**WHAT YOU SHOULD DO:**
This task asks for the lines from the one with "will present the" to the final line below, repeated exactly, with pictures omitted.

**RAW DATA:**

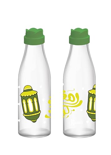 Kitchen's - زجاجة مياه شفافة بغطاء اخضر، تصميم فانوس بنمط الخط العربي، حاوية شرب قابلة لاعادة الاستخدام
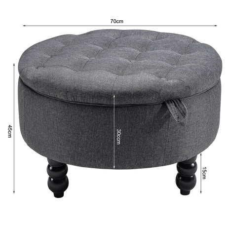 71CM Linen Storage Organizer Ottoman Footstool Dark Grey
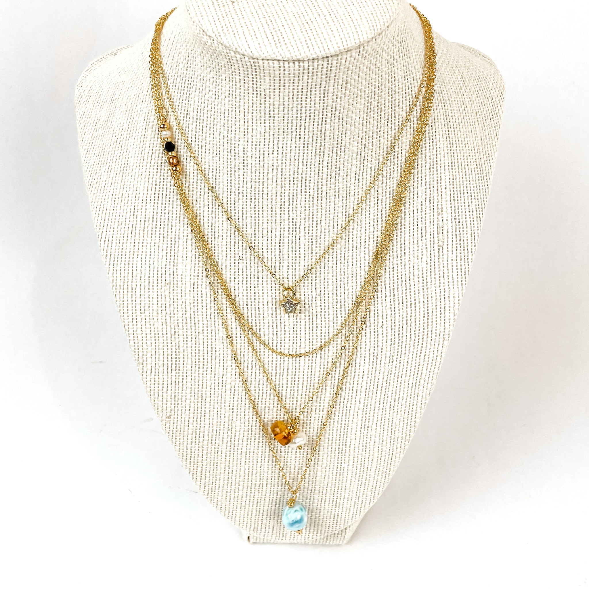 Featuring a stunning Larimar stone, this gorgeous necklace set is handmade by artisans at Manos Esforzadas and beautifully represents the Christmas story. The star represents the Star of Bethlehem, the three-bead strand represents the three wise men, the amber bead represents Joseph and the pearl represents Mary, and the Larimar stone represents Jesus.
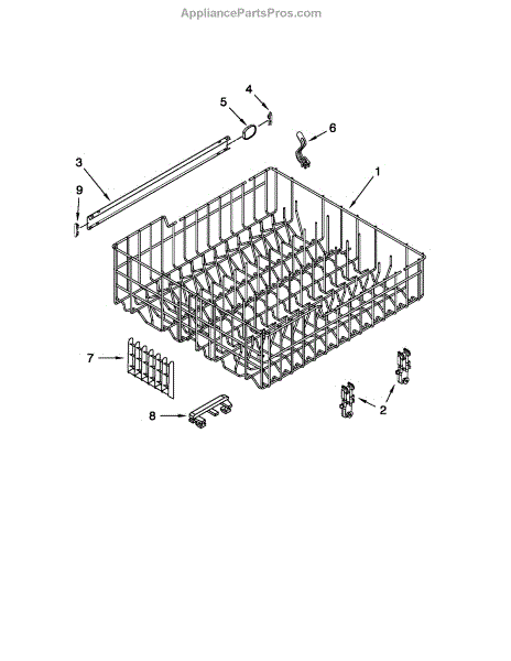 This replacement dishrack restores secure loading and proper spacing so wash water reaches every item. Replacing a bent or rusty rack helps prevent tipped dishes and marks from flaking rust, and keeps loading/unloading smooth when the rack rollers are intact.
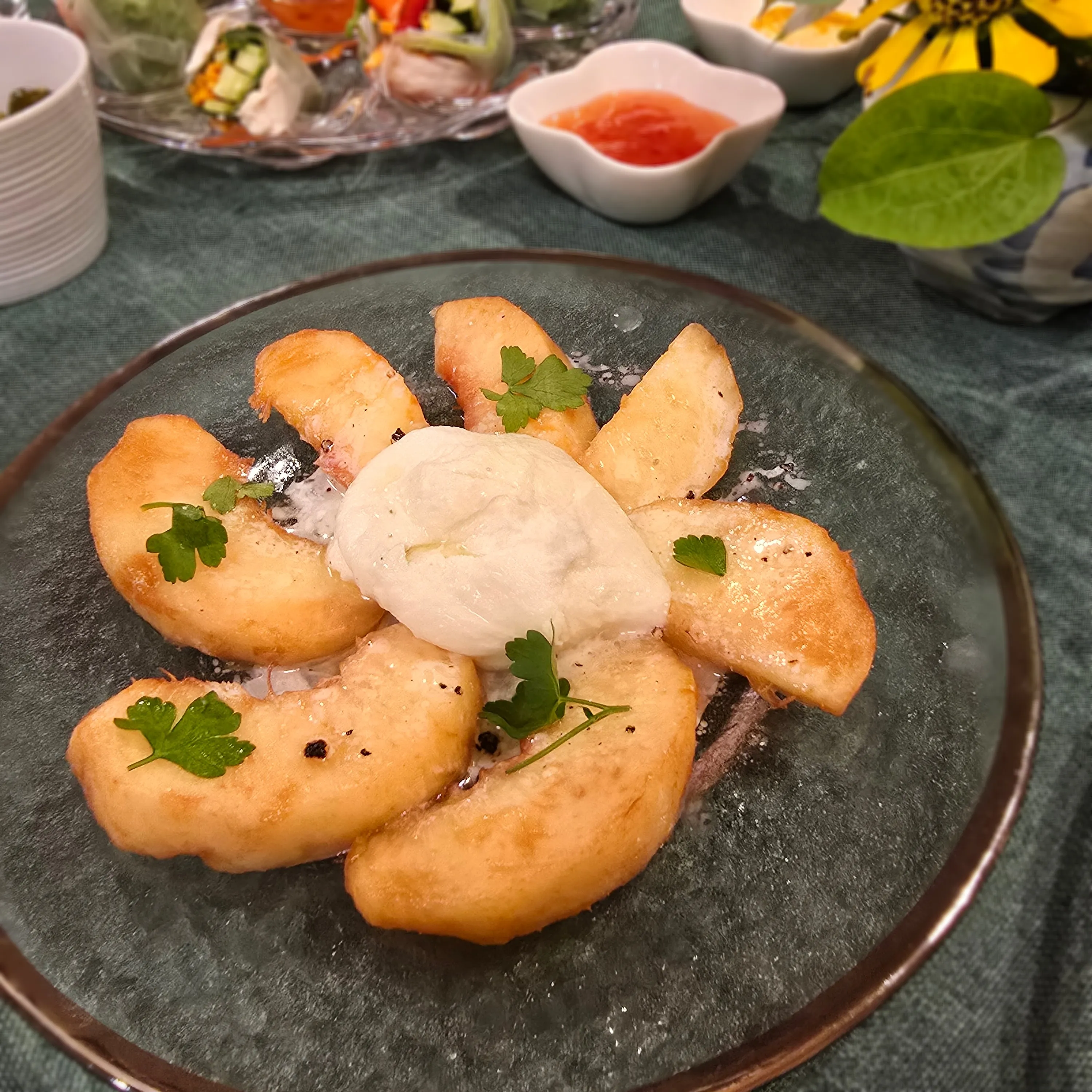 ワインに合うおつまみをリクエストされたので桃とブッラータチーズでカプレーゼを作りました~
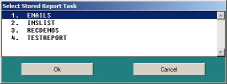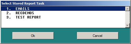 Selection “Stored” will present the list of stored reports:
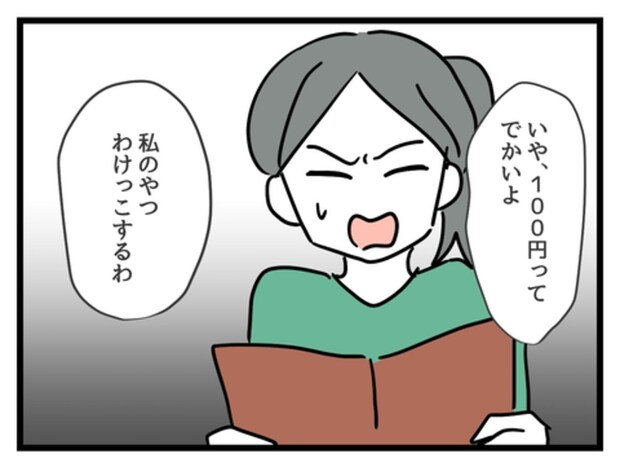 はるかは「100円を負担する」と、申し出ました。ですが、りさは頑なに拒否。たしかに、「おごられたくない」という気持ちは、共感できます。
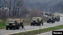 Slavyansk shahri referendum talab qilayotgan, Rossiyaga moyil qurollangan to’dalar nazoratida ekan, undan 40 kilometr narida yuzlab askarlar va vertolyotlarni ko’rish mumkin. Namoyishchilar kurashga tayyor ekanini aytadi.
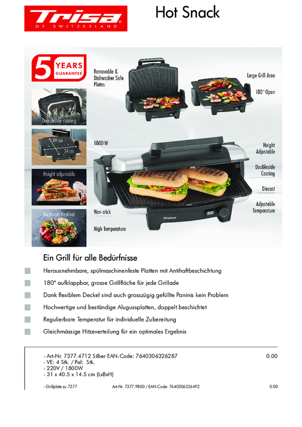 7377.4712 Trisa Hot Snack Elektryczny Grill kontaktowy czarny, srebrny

**OUTPUT BELOW:**
 Selection “Stored” will present the list of stored reports:
 はるかは「100円を負担する」と、申し出ました。ですが、りさは頑なに拒否。たしかに、「おごられたくない」という気持ちは、共感できます。
 Slavyansk shahri referendum talab qilayotgan, Rossiyaga moyil qurollangan to’dalar nazoratida ekan, undan 40 kilometr narida yuzlab askarlar va vertolyotlarni ko’rish mumkin. Namoyishchilar kurashga tayyor ekanini aytadi.
 7377.4712 Trisa Hot Snack Elektryczny Grill kontaktowy czarny, srebrny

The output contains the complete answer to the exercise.